Vincent Gagliostro’s After Louie (B) is ostensibly a “May-December romance” between Alan Cumming as an artist and Zachary Booth as his muse. Through the lens of an engrossing inter-generational relationship, the film spotlights attitudes about the AIDS crisis reflected through those tethered to the heights of its tragedy and those buoyed by a renewed and sometimes more casual outlook on dealing with the disease. The film centers on Cumming’s character getting out of his own head as he clings desperately to the crusades he once championed. His young companion challenges many of his mores and expectations. Both men in the center of the film give sage performances. Don’t let Booth’s matinee idol looks eclipse what a well modulated performance he offers. Some subplots are better developed than others, with a sequence involving some creative painting as a highlight. Character driven with moments of poignancy, it’s a thinking person’s film with some imaginative flourishes.
“Beach Rats” Examines Machismo Culture
Eliza Hittman’s Beach Rats (B-) is a dreamlike Brooklyn-set character study about an aimless young man who struggles with his sexuality as he tries to be macho for his seaside buddies and girlfriend while leading a furtive double life of Internet hook-ups and drug-crazed dalliances. Breakthrough actor Harris Dickinson is mesmerizing in the central role, and his character’s heartache is palpable as he makes a series of regrettable choices. The film offers frustratingly few tidy endings to the protagonist’s plight while posing an absorbing series of moral hurdles. The film is a sometimes graphic but also intimately picturesque love child of Moonlight, Shame and Crimes of Passion with a plot point or two and hyper-masculine pack mentality that recalls A Clockwork Orange; but like its central character, it sometimes gets stunted on its jarring journey. The film is nonetheless a sleeper discovery and will reward those looking for an arty alternative from recent multiplex fare.

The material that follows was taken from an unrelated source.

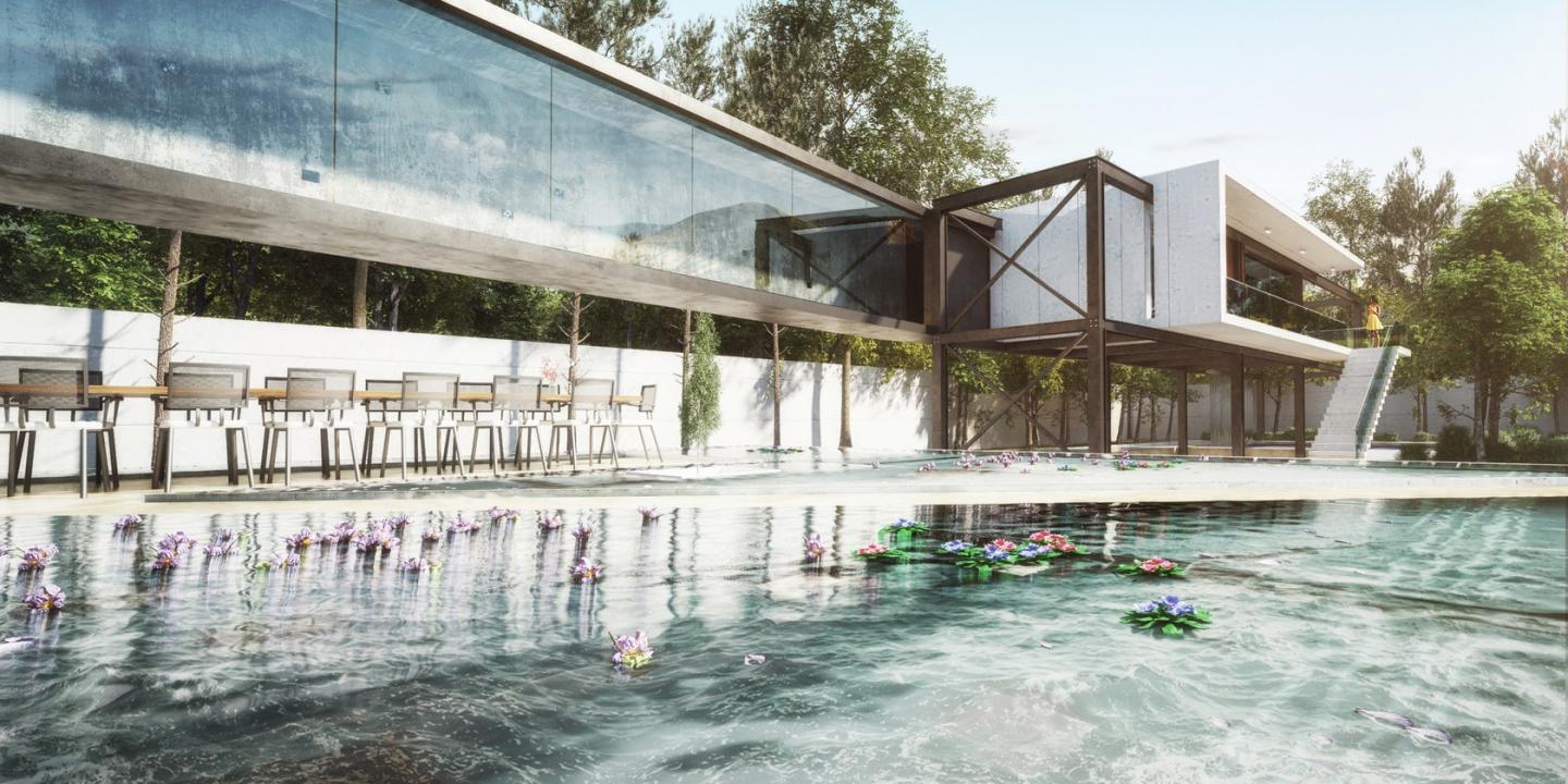 The project’s main challenge was to prevent any interference to the garden environment and creating adaptability to the existing site.The design response is: creating various perspectives through the garden such as lotus pond (utilizing an element from the garden character), bridges (human suspension on a transparent path in the garden) and circulation paths in between the garden spaces (Human movement between open and semi open garden spaces). All these features occur without moving or eliminating any existing condition such as trees.Creating seating areas with various qualities(sitting on water, sitting in the ground, under the water, under the sky and beside the tress) was the effort made to eliminate the borders between human and nature and interconnection of inside and outside.

“Detroit” Just Misses the Dramatic Heft For Which It Aspires
Although its historic events are lavishly recreated and the cinematography and production values top-notch, Kathryn Bigelow’s panorama about the racially charged 12th Street Riot of 1967, Detroit (C), struggles to finds its dramatic POV or emotional center of gravity. The events depicted clearly resonate with modern times, what with the painstaking portrayals of police brutality and the themes of injustice and inequality in an urban powderkeg, but Bigelow’s fastidious chronicle fails to get in the heads of a cavalcade of underdeveloped characters. With some of the most authentic acting in the film, Algee Smith fares best as a Motown musician caught up in a crescendo of incidents after mid-riot sniper fire turns a group of people holed up at a hotel into brutalized suspects. John Boyega and Anthony Mackie are reduced to small parts as Will Poulter gets most of the scenery chewing as a wicked bad cop. He’s intense but feels miscast. It’s not completely clear why Bigelow lingers so long on certain incidents and not others; and while she creates flashes of pulse pounding tension, the story isn’t superbly served in the aggregate. The director’s formula that worked so brilliantly with soldiers diffusing land mines and raiding terrorist cells works only in fits and starts this time around.